At this exciting point the count, back in Paris, finally comes to properly. He is helped to his feet by Kerensky, who is clinging on to his illusions as best he can. Told he has been serving the Jagaroth all along, he ventures: “It’s the Jagaroth who need all the chickens, is it?” The count is sort of stunned with contempt. While all that is happening, Romana is quietly sonicking her way into what should by now be recognised as the Stick-Up Café. Duggan arrives shortly afterward by breaking a window – cue another piece of infinitely quoteable dialogue.

ROMANA: You should go into partnership with a glazier. You’d have a truly symbiotic working relationship.

DUGGAN: What?

ROMANA: I’m just pointing out that you break a lot of glass.

DUGGAN: You can’t make an omelette without breaking eggs.

ROMANA: If you wanted an omelette, I’d expect to find a pile of broken crockery, a cooker in flames and an unconscious chef.

And that is why I love you, Romana.

The count has dropped the pretence. Well, part of the pretence, he’s still got his face on. That’s of little comfort to poor old Kerensky, who is staring at the blueprints for a machine that will do the precise opposite of what he thought his work was meant to do – it will turn back time. All to bones, so to speak. Finally realising his boss is a raging megalomaniac, he refuses to comply. And he’s not the only one noticing there’s something weird about Scarlioni. The countess, gloating happily over the success of the Louvre robbery, accidentally triggers a rant about mapping the heavens and inventing the wheel. The count has a case of voices in the head, never a good sign. The other parts of himself are echoing in a rare moment of unison, begging to be reunited. As this is also affecting Tancready, the Doctor uses the moment of distraction to escape into the TARDIS and materialise the hell out of there.

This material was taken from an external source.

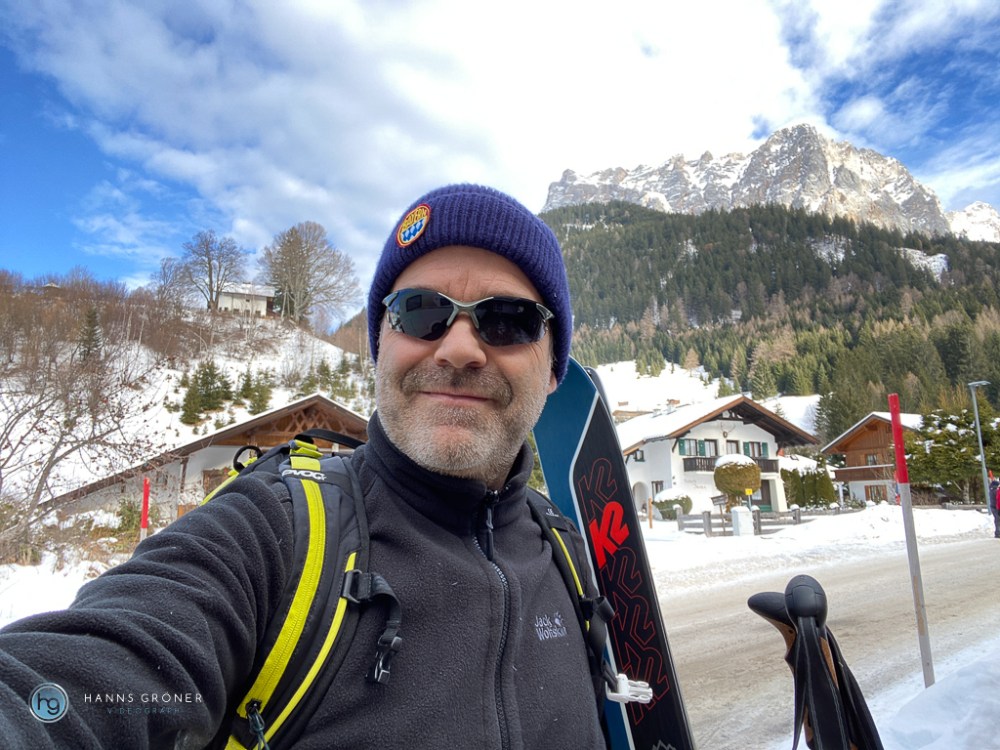 Abseits der Piste gehen wir in Richtung Ehrwalder Alm. Die Tour beginnt an der Talstation der Umlaufbahn. Sie verläuft zunächst entlang der Piste und dann durch den Wald. Es gibt schon Spuren in denen es sich einigermaßen einfach gleite und aufsteigen lässt. Wichtig: nicht die Skier anheben. Doch das passiert mir ständig. Und das kostet Kraft. Allerdings habe ich nicht das leichteste Material. Abfahrt-orientiert nennt man das. Und die „normalen“ Skistiefel sind natürlich auch deutlich schwerer und weniger komfortabel für den Aufstieg.

Romana and Duggan are still waiting for him the Stick-Up Café, though by now it’s morning and they’re running on caffeine. In further evidence of her excellence, during a few minutes casual conversation Romana proceeds to deduct pretty much everything that the Doctor went back to 1505 to find out. By the time the Doctor reaches the café, they have returned to the chateau, and Duggan’s obsession with breaking windows has got them caught. Far from being annoyed, the count is very pleased to see them – well, he’s pleased to see Romana, anyway, whom he intends to use to finish work on the machine. Or else, as he politely explains, he’ll destroy Paris with the deeply unreliable one he already has. To prove what he can do, he tricks Kerensky into standing between the machine’s prongs and switches it on, reducing the terrified man within a matter of seconds to a crumpled skeleton.

Episode 4: “The unfortunate effect of an unstablised time field,” Scarlioni says brightly. He would be quite happy to do that to all of Paris if Romana does not show him how to stabilise it. Given the circumstances, she agrees, and Duggan is locked up out of her way.

Upstairs, the Doctor has arrived, shown into the parlour by a glowering thug and met by the countess. Being an appalling show-off, she can’t resist producing her husband’s first draft of Hamlet, and being an equally appalling name-dropper, the Doctor can’t resist telling her most of it is in his handwriting. She thinks he’s mad. It’s mutual. He thinks she’s mad, deliberately blinding herself to what she is living with.

DOCTOR: A man with one eye and green skin, eh? Ransacking the art treasures of history to help him make a machine to reunite him with his people, the Jagaroth. And you didn’t notice anything? How discreet, how charming.

She laughs as the Doctor is led away by Hermann, but then suddenly stops as inside her very selective head a bell starts to ring. Digging about in her husband’s library of precious texts, she opens a box of Egyptian scrolls and finds one with a green Cyclops of a man among the gods…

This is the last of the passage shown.